Because of its ability to detect microemboli prior to the occurrence of thromboembolic stroke, TCD monitoring is an effective tool in evaluating perioperative stroke risk during CEA. 5,15 In our study, there was a tendency for patients with a high number of microemboli to have a higher platelet aggregation. In addition, patients in the clopidogrel group showed a significantly lower number of microemboli during CEA. This finding correlates with other reports showing reduced postoperative magnitude of embolization in patients treated with clopidogrel compared with patients receiving placebo 4 during CEA. Because preoperative platelet characteristics have been shown to be highly variable, 29 we investigated whether the platelet aggregation increase correlated with postoperative embolization. However, there was only a weak correlation (r 2 = .26), which does not reach statistical significance.

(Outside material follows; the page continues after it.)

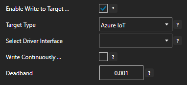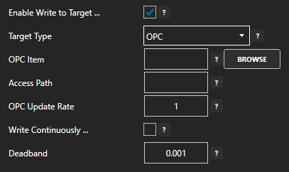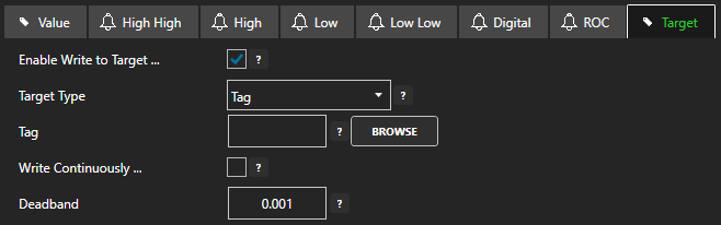 - Select the Target Type (Tag, OPC, Azure IoT, Azure IoT Edge, or MQTT) from the dropdown.
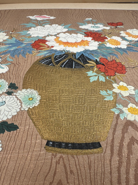 Estampe Japonaise Ecole Kano | Panier de Fleurs

A transient increase in platelet aggregation during CEA despite the addition of antiplatelet drugs is a reproducible effect. This aggregation increase occurs despite the addition of clopidogrel. It appears not to be mediated by P-selectin or may be partially mediated by P-selectin and does not correlate with the number of microemboli detected postoperatively by TCD monitoring. However, the use of clopidogrel is associated with a lower overall number of microemboli. Together with existing data, our findings suggest that additional studies could identify patients at risk for post-CEA thromboembolic complications by preoperative platelet aggregation assay and allow for preoperative treatment adjustments. The exact relationships between these findings, postoperative microemboli formation, and the risk for thromboembolic complications after CEA remain to be determined.
Footnotes
Acknowledgments
We thank O. Yasar for aggregation assays and data collection, M. van der Mee for TCD measurements, and F. Haas and H.D.W.M. van de Pavoordt for critical review of the manuscript.